* [Work instructions]: Copy every line from the one that holds "Good-looking ebony hottie" to the end of the records below, exactly and with nothing else, but without any pictures.

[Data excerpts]
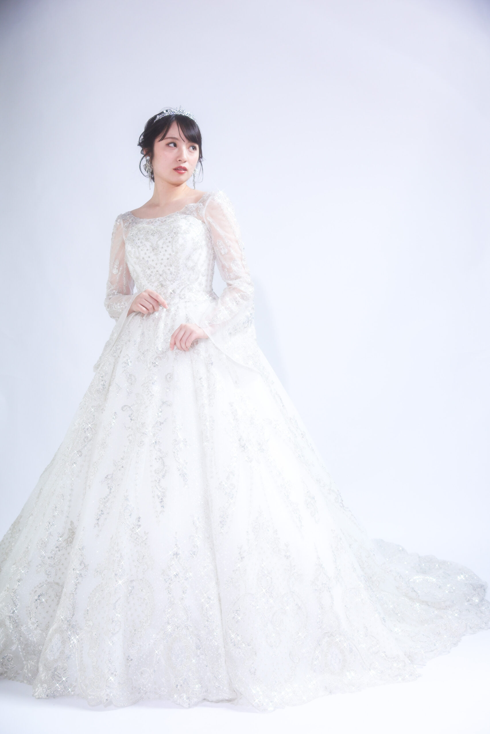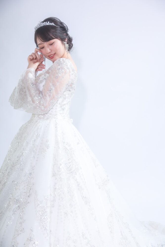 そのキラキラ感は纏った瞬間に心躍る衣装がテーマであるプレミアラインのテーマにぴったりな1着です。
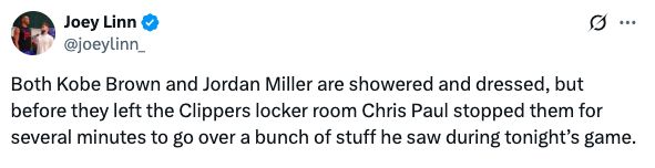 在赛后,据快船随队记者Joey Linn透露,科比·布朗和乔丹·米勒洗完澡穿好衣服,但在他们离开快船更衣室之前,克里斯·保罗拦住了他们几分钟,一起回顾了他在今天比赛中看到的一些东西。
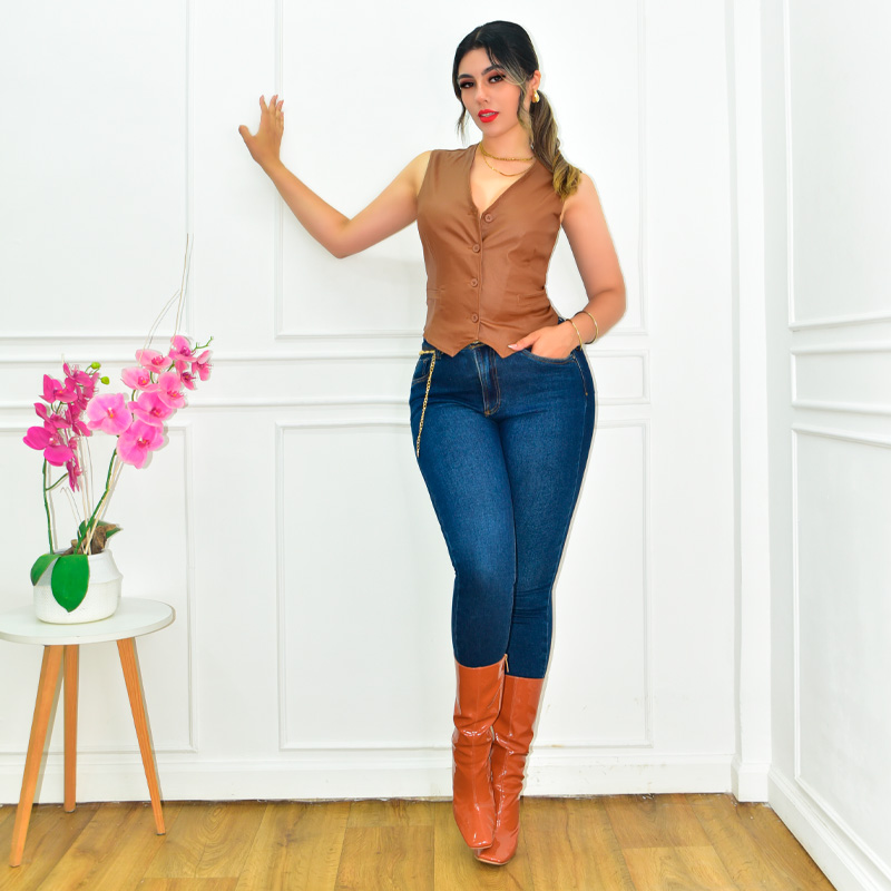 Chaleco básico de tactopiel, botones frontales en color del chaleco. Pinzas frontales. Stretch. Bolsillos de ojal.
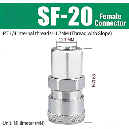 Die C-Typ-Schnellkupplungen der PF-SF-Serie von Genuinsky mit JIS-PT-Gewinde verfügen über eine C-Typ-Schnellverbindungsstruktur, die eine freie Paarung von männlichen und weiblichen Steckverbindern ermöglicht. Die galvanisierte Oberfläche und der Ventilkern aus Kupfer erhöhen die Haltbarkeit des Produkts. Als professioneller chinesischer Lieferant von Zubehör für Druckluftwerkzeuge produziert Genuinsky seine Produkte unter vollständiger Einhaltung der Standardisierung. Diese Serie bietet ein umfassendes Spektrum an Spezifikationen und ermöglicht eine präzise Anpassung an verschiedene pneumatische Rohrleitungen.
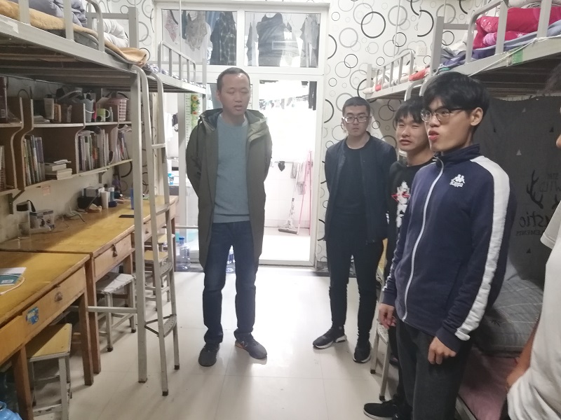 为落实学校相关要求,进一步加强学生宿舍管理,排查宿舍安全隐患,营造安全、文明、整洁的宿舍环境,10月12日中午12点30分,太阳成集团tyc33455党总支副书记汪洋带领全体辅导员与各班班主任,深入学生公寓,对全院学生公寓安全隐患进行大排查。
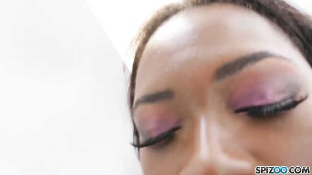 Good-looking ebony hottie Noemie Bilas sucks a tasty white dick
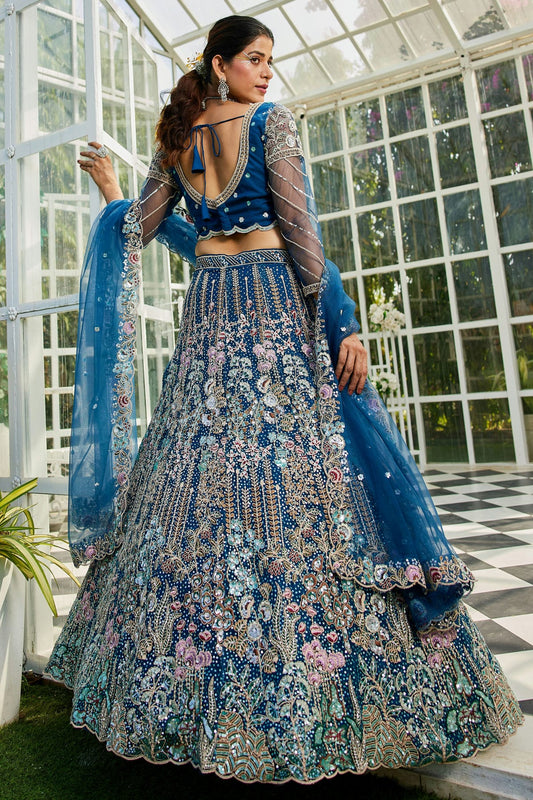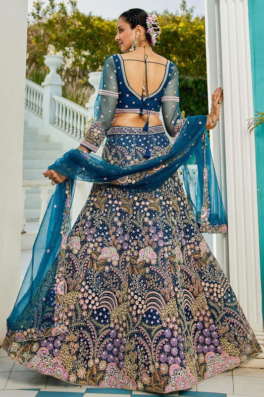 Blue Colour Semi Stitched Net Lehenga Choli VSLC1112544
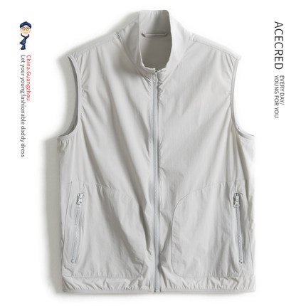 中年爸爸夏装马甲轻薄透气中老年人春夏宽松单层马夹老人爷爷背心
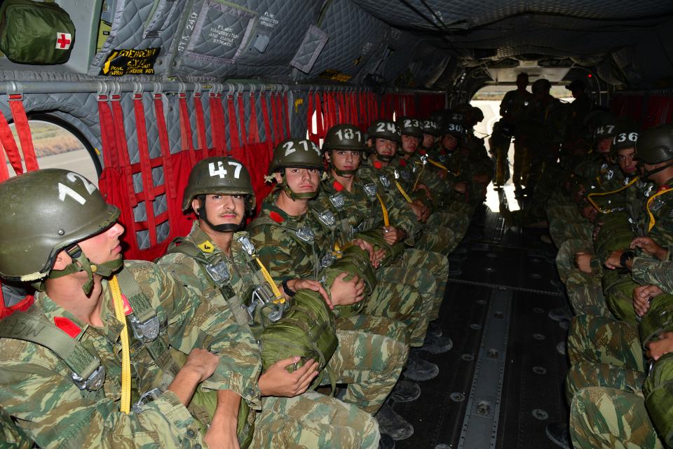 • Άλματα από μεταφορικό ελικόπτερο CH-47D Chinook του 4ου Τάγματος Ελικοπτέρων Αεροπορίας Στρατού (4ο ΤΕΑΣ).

* [Completed exercise]:
 Good-looking ebony hottie Noemie Bilas sucks a tasty white dick
 Blue Colour Semi Stitched Net Lehenga Choli VSLC1112544
 中年爸爸夏装马甲轻薄透气中老年人春夏宽松单层马夹老人爷爷背心
 • Άλματα από μεταφορικό ελικόπτερο CH-47D Chinook του 4ου Τάγματος Ελικοπτέρων Αεροπορίας Στρατού (4ο ΤΕΑΣ).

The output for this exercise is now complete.